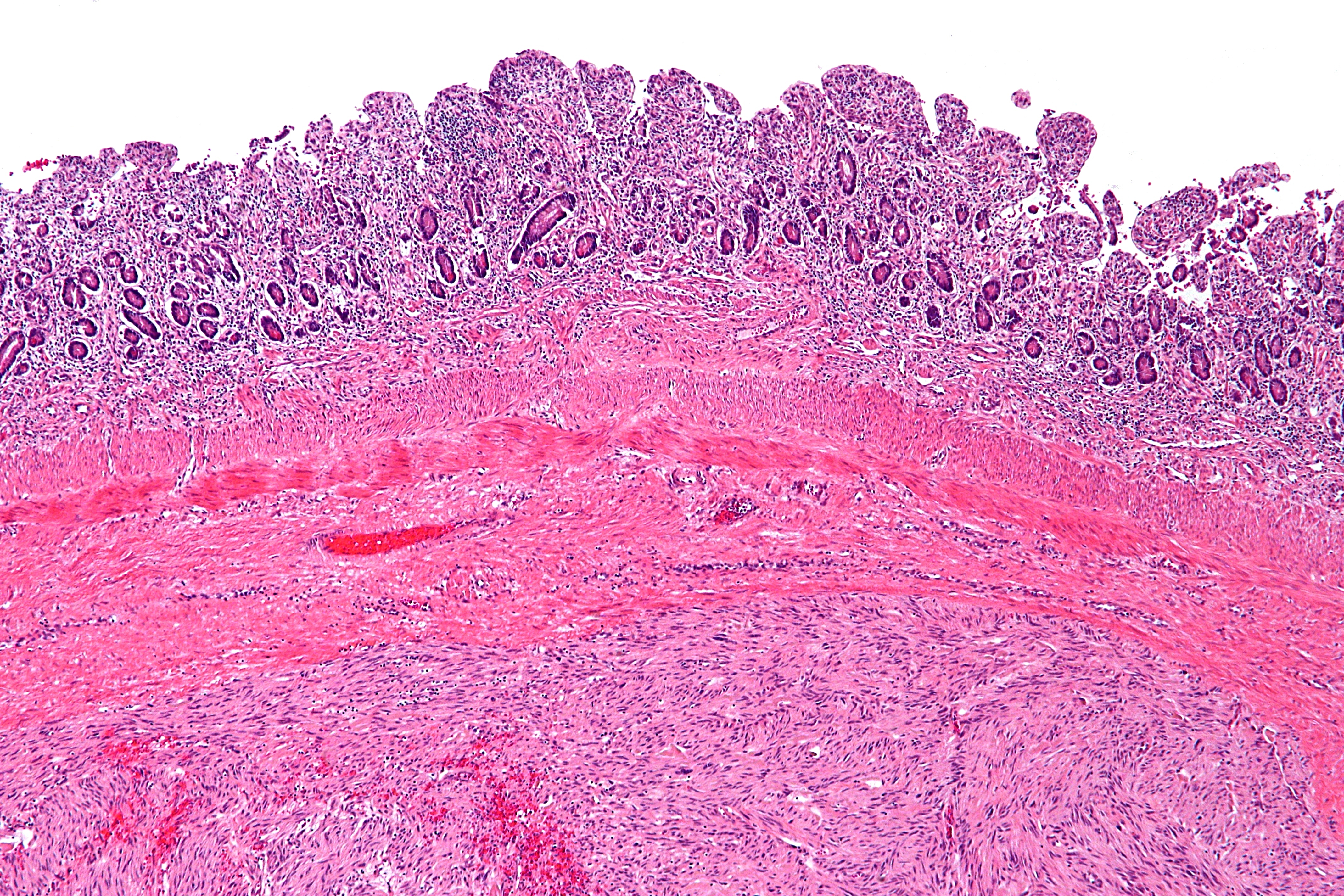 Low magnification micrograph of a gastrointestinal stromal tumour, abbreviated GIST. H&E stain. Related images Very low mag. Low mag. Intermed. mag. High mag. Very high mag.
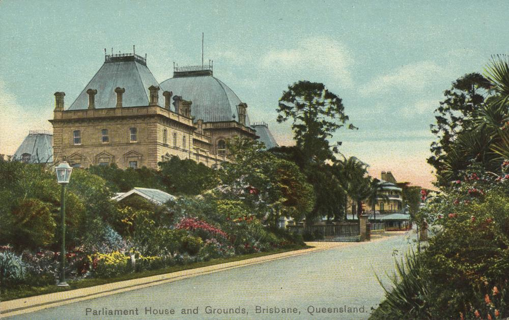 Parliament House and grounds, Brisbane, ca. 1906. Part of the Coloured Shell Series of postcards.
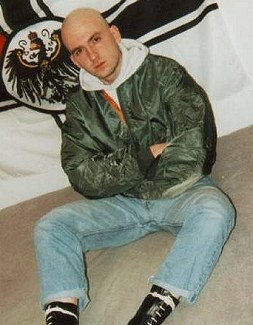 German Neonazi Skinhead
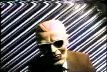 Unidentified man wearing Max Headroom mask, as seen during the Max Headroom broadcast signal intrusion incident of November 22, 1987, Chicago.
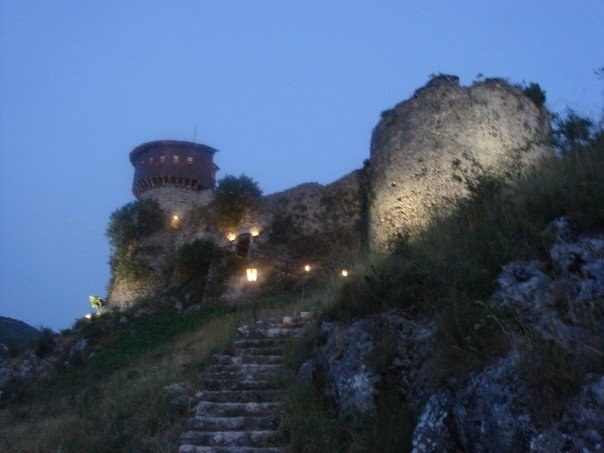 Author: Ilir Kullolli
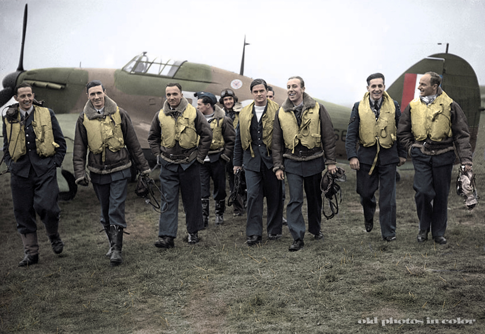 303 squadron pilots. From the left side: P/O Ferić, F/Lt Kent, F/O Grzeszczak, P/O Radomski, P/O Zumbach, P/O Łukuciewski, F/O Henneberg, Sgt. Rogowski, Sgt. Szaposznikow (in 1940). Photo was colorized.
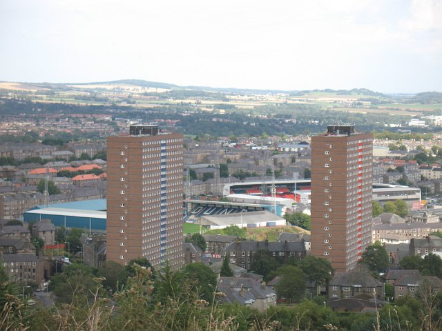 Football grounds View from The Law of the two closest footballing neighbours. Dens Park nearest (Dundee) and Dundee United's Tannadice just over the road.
---
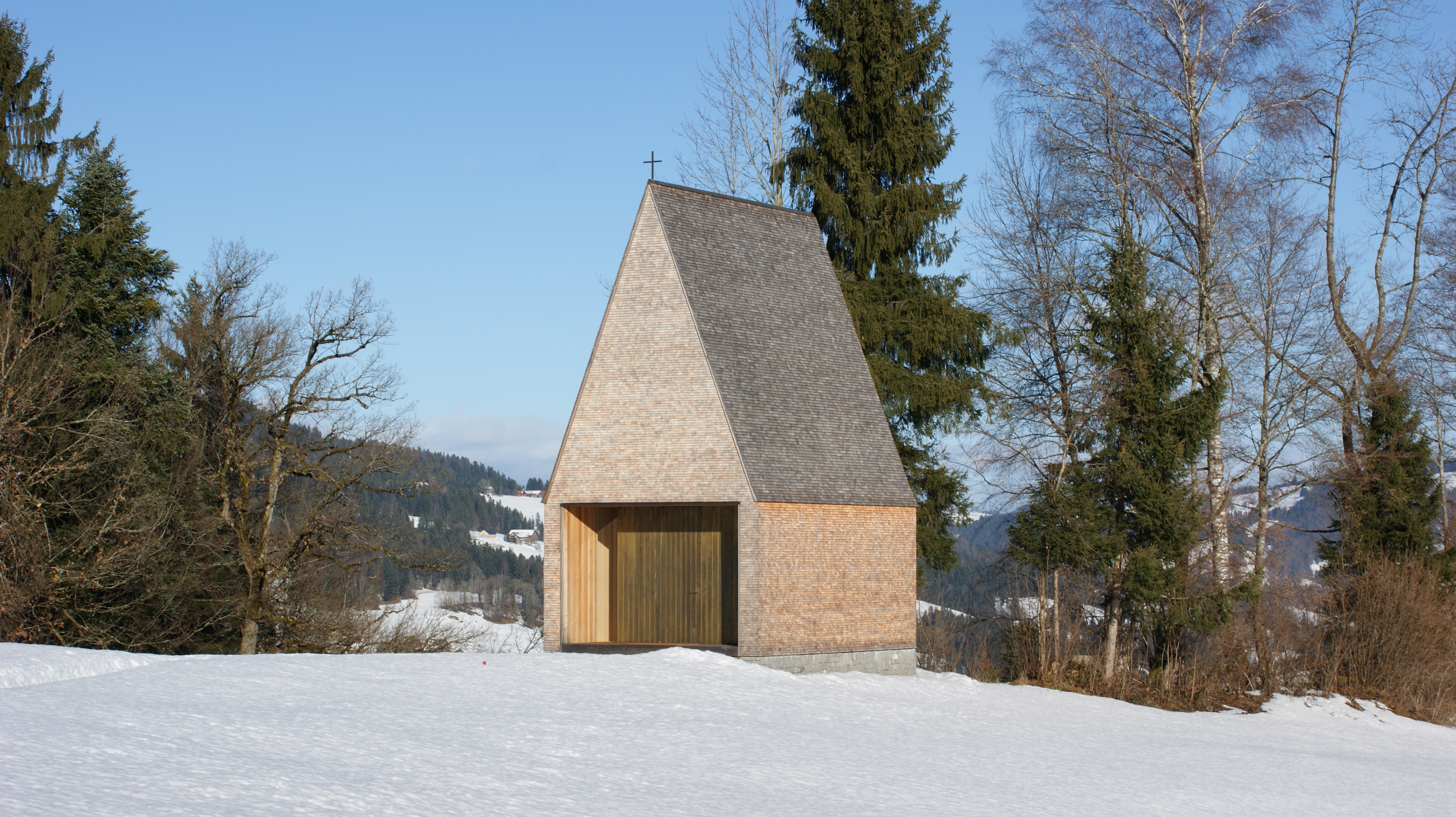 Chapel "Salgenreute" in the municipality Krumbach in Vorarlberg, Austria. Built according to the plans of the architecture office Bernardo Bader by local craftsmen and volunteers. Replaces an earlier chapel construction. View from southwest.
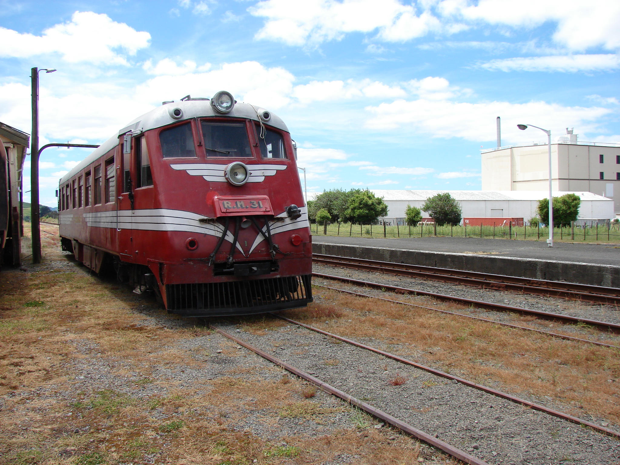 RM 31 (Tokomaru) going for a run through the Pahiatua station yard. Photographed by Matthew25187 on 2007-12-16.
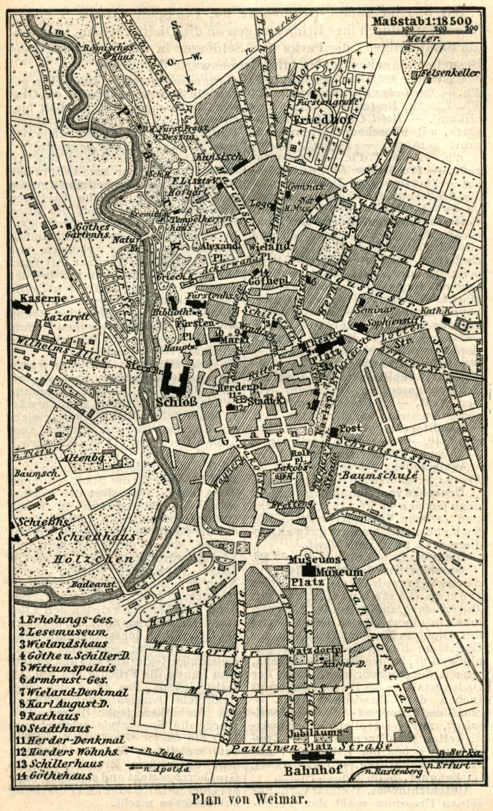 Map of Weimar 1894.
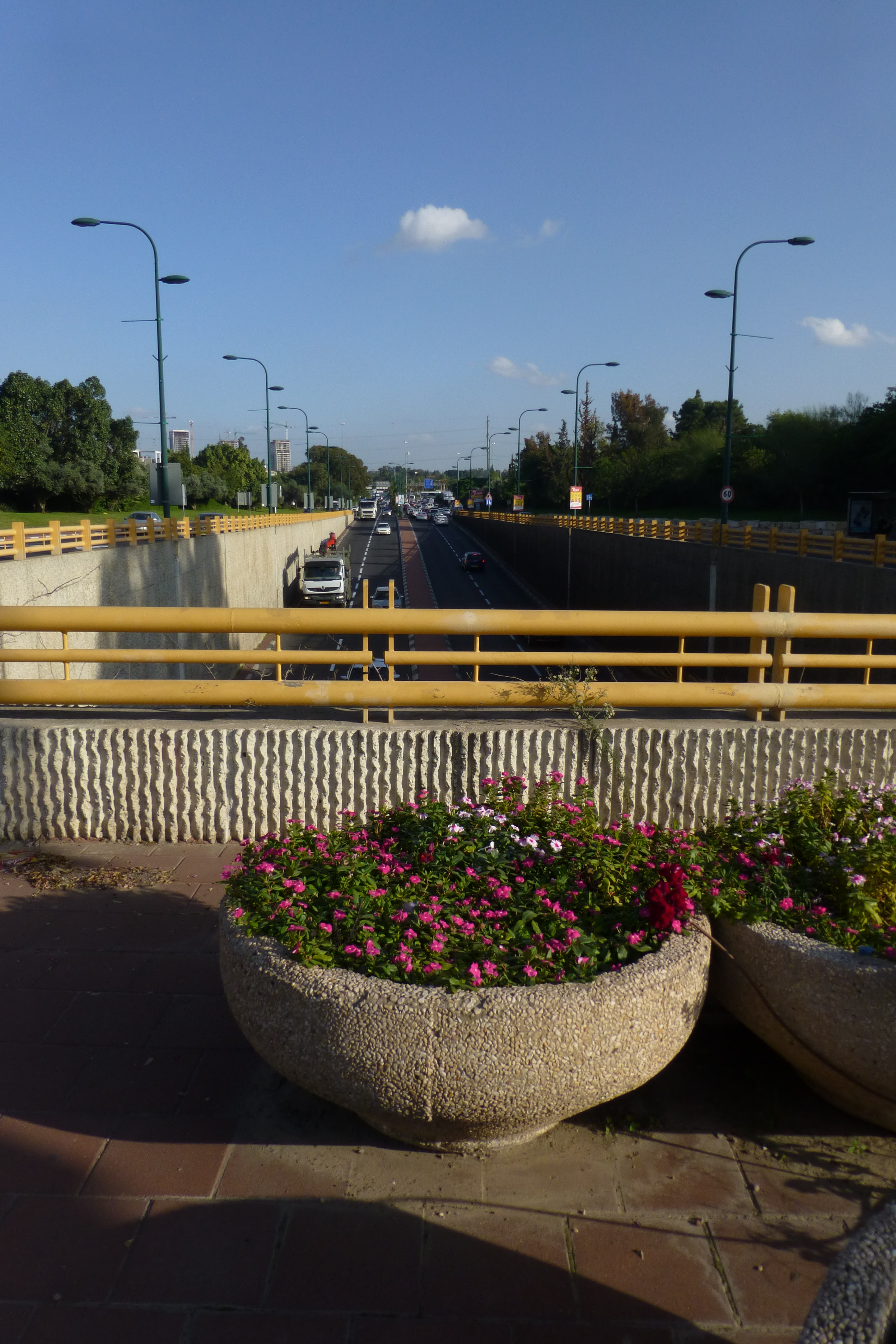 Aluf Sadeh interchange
...
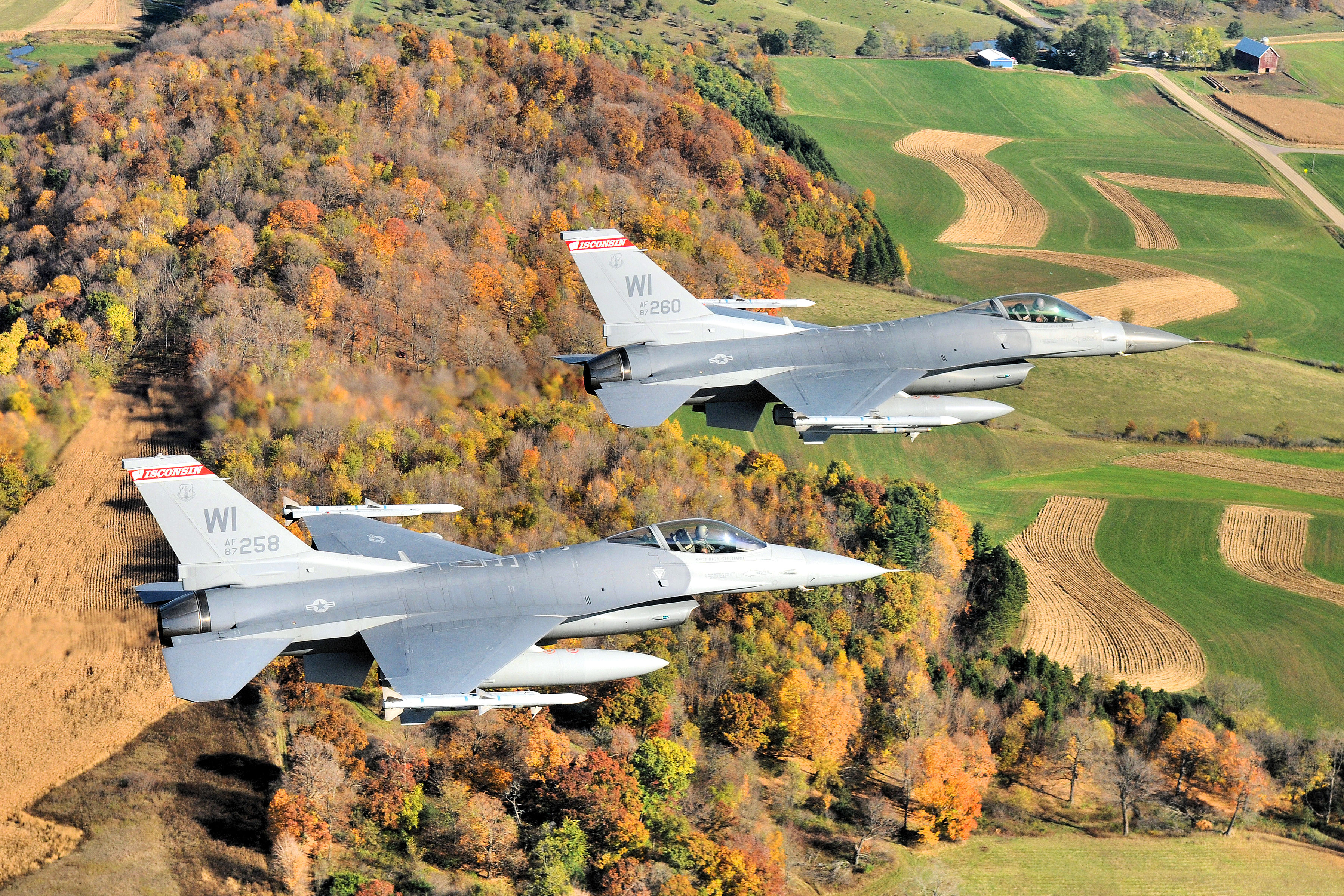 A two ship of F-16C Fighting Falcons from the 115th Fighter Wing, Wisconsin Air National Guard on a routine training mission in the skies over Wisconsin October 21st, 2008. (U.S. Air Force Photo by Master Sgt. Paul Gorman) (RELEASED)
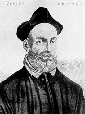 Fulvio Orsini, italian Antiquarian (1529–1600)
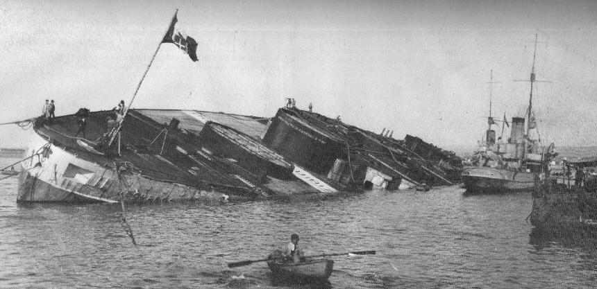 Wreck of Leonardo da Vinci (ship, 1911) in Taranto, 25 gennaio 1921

What you need to do: Given the listing above, retype only the span of lines from the line with "Unidentified man wearing" up to and including the line with "Football grounds View", exactly as it stands and without pictures.

Response to this exercise:
 Unidentified man wearing Max Headroom mask, as seen during the Max Headroom broadcast signal intrusion incident of November 22, 1987, Chicago.
 Author: Ilir Kullolli
 303 squadron pilots. From the left side: P/O Ferić, F/Lt Kent, F/O Grzeszczak, P/O Radomski, P/O Zumbach, P/O Łukuciewski, F/O Henneberg, Sgt. Rogowski, Sgt. Szaposznikow (in 1940). Photo was colorized.
 Football grounds View from The Law of the two closest footballing neighbours. Dens Park nearest (Dundee) and Dundee United's Tannadice just over the road.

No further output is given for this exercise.